We compare score distributions and selection rates across groups. The main check asks whether one group passes the review threshold much less often than another comparable group.
5

Review and remediate

If a test shows a material adverse-impact signal, we review the criteria, test profiles, and scoring evidence before treating the result as acceptable.

Metrics

MetricWhat it means
Score distributionWhether one group receives materially different scores from another group.
Selection rateThe share of a group scoring above the selected review threshold.
Impact ratioA group’s selection rate divided by the highest selection rate in the comparison.
Intersectional impact ratioThe same comparison across combined groups, such as race x sex.
Nova uses the four-fifths rule as one practical benchmark: a selection rate below 80% of the highest group rate is treated as a signal to review. For example, if 50% of the highest-selection group passes a review threshold, a comparable group below 40% would trigger review.
The four-fifths rule is a screening benchmark, not a complete fairness test. Small samples, unusual candidate pools, and role-specific requirements can all affect interpretation.

Result Labels

LabelMeaning
ClearThe synthetic test did not find a material adverse-impact signal.
ReviewThe test found a possible signal, so a person should review the result before drawing conclusions.
ConcernThe test found a stronger signal. Nova should investigate the criteria, test data, or scoring behavior before relying on that setup.
These labels describe this synthetic test result, not every role or customer workflow.

Current Public Evaluation

Nova has a public bias evaluation summary at nova.dweet.com/bias-evaluation.
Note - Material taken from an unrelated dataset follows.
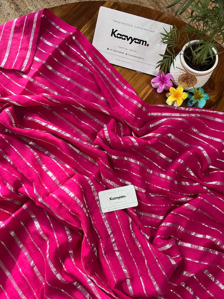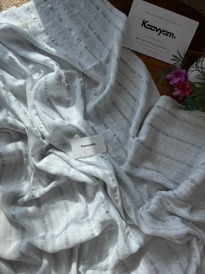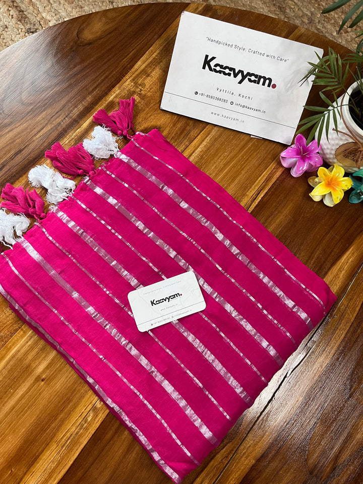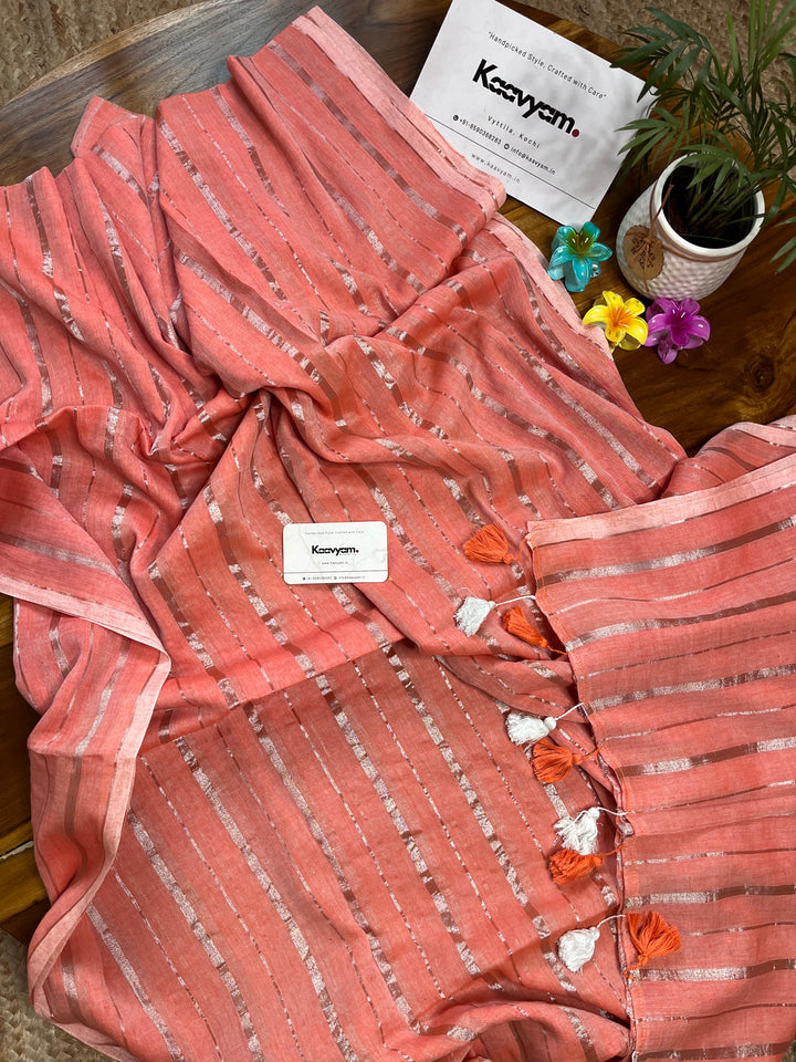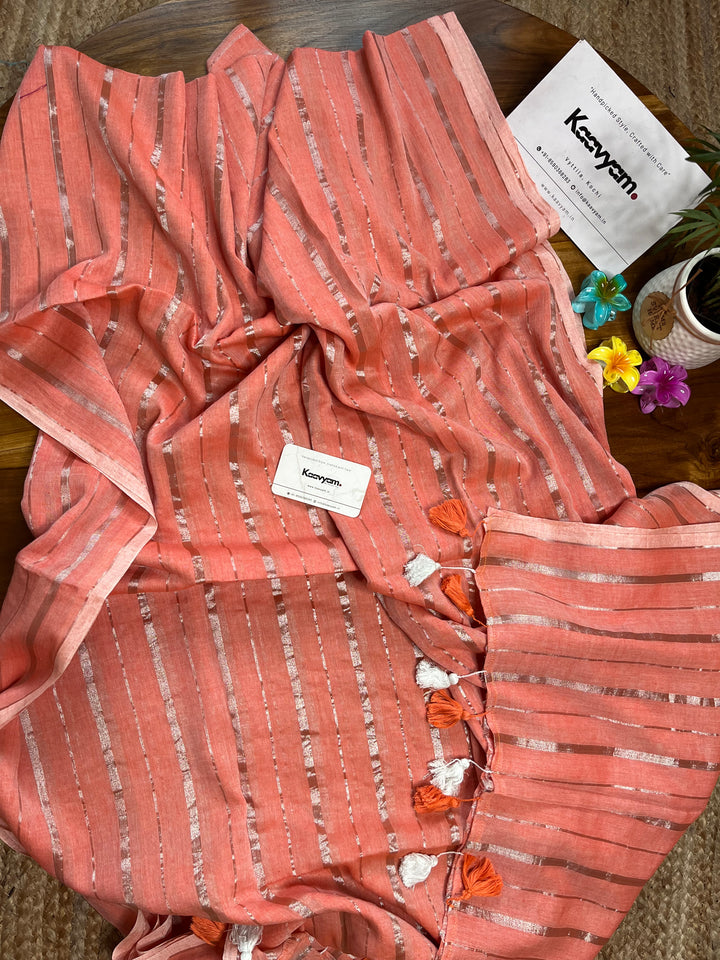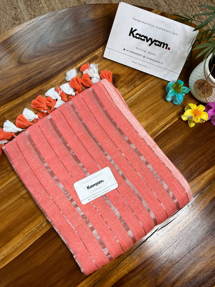 Pure mul cotton saree with rich silver stripes all over the saree ended with handmade tassels on pallu.

The public run was generated on May 26, 2025. It uses 500 synthetic profiles for a Senior Software Engineer role and compares scoring patterns across sex, race and ethnicity, age, disability status, and race x sex intersections. Use that page as the product-level summary of the public run. The public run is limited to a representative role and synthetic profiles. It does not evaluate customer-specific criteria, recruiter behavior, interview decisions, final hiring decisions, sourcing, ATS filters, or real applicant pools.

How We Use Findings

When a test raises a signal, Nova reviews it by checking:
  1. Check whether the synthetic profiles are comparable and realistic.
  2. Check whether the criterion is job-relevant and verifiable.
  3. Look for role-irrelevant proxies, such as school prestige, geography, name signals, age proxies, or accommodation wording.
  4. Review candidate-level scoring evidence to see what drove the score.
  5. Adjust criteria or test data where needed.
  6. Re-run the test and keep the before/after evidence.

Customer Responsibilities

Nova can test and explain its scoring behavior, but customers still control the hiring process. You should:
  • Configure job-relevant criteria.
  • Avoid criteria that rely on protected characteristics or weak proxies.
  • Review Nova outputs before making employment decisions.
  • Provide candidate, employee, or worker notices required by your policies and applicable law.
For scoring criteria guidance, see Configuring Scoring Criteria. For human review guidance, see AI Candidate Scoring.

How To Read The Results

Bias testing can show useful evidence, but it should be read in context:
  • Synthetic tests are designed to stress-test scoring. They do not represent every real applicant pool.
  • A clean result for one role does not prove the same result for every role.
  • Real-world outcomes also depend on sourcing, human review, interviews, and final decisions.
This is why Nova treats scoring as decision support. Human reviewers stay responsible for the final hiring process.